For his part, Kazz shared his gratitude for this small, but meaningful gesture:  “Seeing Officer Ellison there to congratulate me meant the world to me. It was so nice to see that he actually showed a genuine care for me and my family’s situation instead of us just being another ‘case.’ “

 On the surface of things, it really was a small gesture.  Had the police officer simply delivered the terrible news, waited with the young man until some friends or family members arrived and then returned to patrol, no one would’ve given it a second thought.  Yet something in the man’s heart and soul moved him to offer this small gesture at a moment of inconsolable grief.  In some small way this cop who was a stranger to this young man and his family before his official duties forced him to share a terrible part of their lives wanted him to know he was loved and cared for. 

We so often imagine our call to be Jesus’ disciples in extremes – we beat ourselves up when we fail, when we sin and feel like we’ve made a complete mess of things…or we think that holiness, being his faithful disciple is only evident in doing massively important things – like being a missionary, being another Mother Teresa – and so it remains something few of us can achieve. 

But what Jesus challenges us with in this parable is to embrace the faith of the planter – whether of seeds or ideas, acts as we go about life in the ordinary – day to day routine of things.  Because what we find is that there are countless opportunities to plant whatever small seed we can and nurturing that seed into something good, something life giving, something that will glorify God – not ever knowing how that might transform someone else’s life . 

 Nurturing what we have sown might be incredibly frustrating and demanding.  But mustard seed faith is centered in the conviction that, in the smallest acts of compassion and generosity, we can transform the most barren stretches of our lives into great gardens of hope.  Just as Lt.
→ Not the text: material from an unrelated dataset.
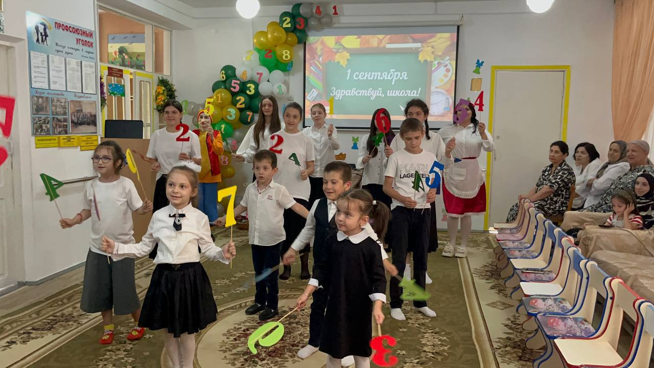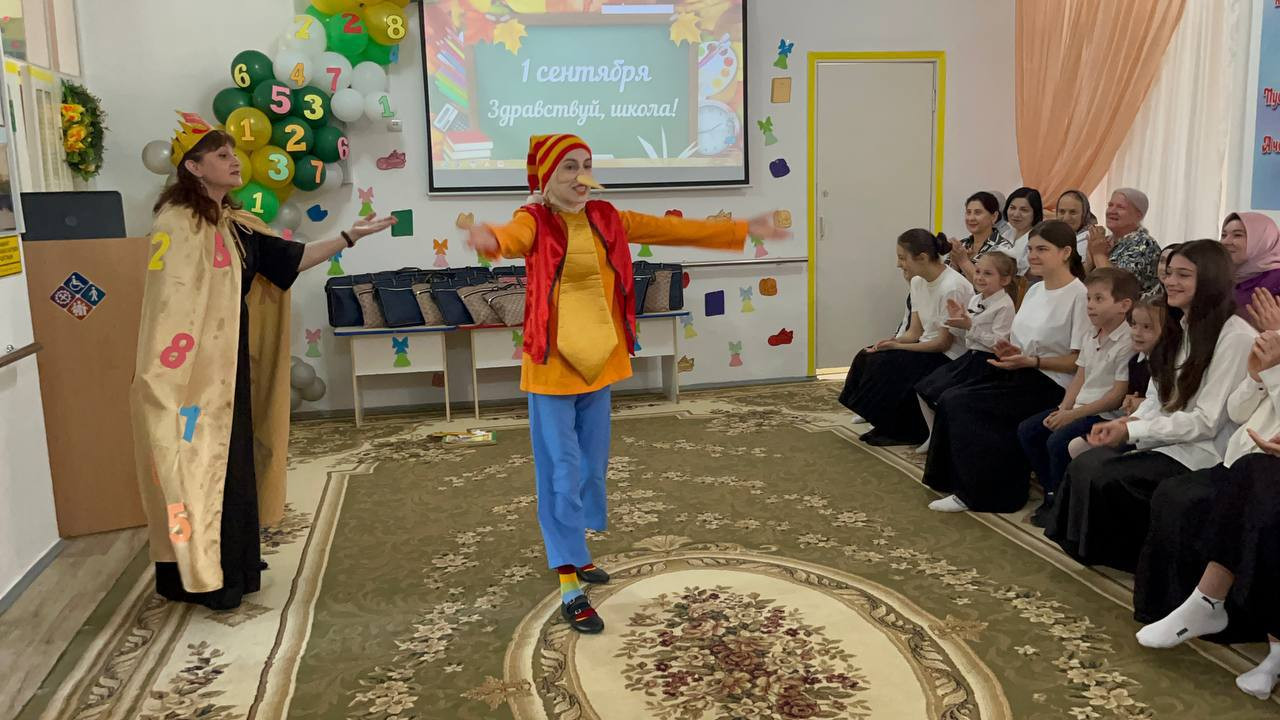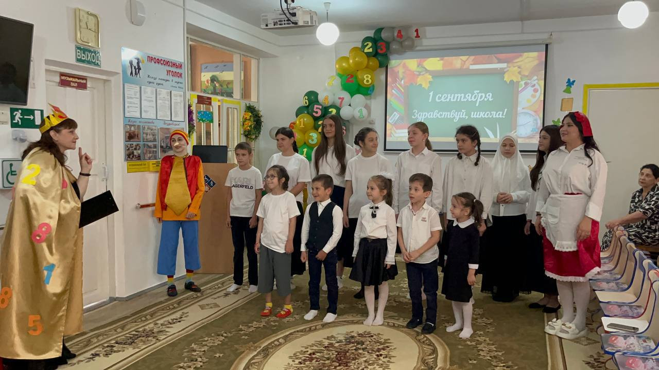 Зал был оформлен торжественно и нарядно умелыми руками инструктора по труду Гусейновой Земфиры. Мероприятие открыла директор Центра Гасанова Загра Магомедовна с пожеланиями детям крепкого здоровья и успехов на пути к получению новых знаний. В гости к детям пришли сказочные персонажи: Царица Знаний, Буратино, Красная Шапочка, Шапокляк, роли которых исполняли специалисты центра Ибрагимова Альбина, Алиева Хаписат, Салаватова Айгуль, Мурадисова Айшат. Они провели с детьми конкурсы, игры, загадывали загадки, танцевали флешмоб. Дети прочитали стихи и исполнили песни «Чему учат в школе " , «Учиться надо весело».

Ellison did in deciding to go above and beyond his duty, his responsibility by standing in Kaz’s parents place at his graduation – making a time of unimaginable grief and pain even slightly better.

In embracing Christ’s call to hold the faith of the Gospel farmer and the hope of the mustard seed: you and I engage in the ordinary but essential task of being willing to plant seeds of kindness, of joy wherever and whenever we can in the certain knowledge that these small gestures will, in some way, result in the abundant harvest of God’s life and love.